That was the New York Times headline from June 13, 1993 - 15 years ago. This is what we were reading then...
"Fighting between Croatian militiamen and units of the mostly Muslim army of the Bosnian Government resumed today near the central Bosnian town of Novi Travnik. The fighting came a day after the Bosnian Serbs' military spokesman, Milovan Milutinovic, said that the Serbs would release 900 Croatian militiamen who had surrendered to them last week after being driven from the nearby town of Travnik by the mainly Muslim Bosnian Army forces.
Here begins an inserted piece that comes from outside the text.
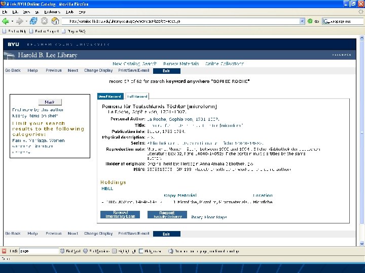 Ref. Works: Warum? Als Ref. Share (online publiziert): Fernbedienung von Übersee Ein OPACchen der BYU London-Centre Bibliothek

The Serbian spokesman said the Croats would be released with their weapons in exchange for about 1,000 Serbs held by Croats in Livno and Tomislavgrad.
The Bosnian Serbs, who have overrun 70 percent of Bosnia's territory since they started the war here 14 months ago, continued a fierce offensive today against the eastern town of Gorazde, Sarajevo radio reports said. About 60,000 people are trapped in Gorazde, which the United Nations has declared to be a "safe area" along with five other towns but has been unable to protect.

The radio reports from the Bosnian capital said that about 420 people have lost their lives in the two-week Serbian offensive against Gorazde, the last Muslim enclave in eastern Bosnia that the Serbs have not overrun or neutralized, the radio reports said. 57 Killed in Gorazde"

The pre-war Travnik was about ethnically mixed - Croats, Bosnian Muslims, and Serbs were pretty evenly represented. The ethnic cleansing and war changed all that.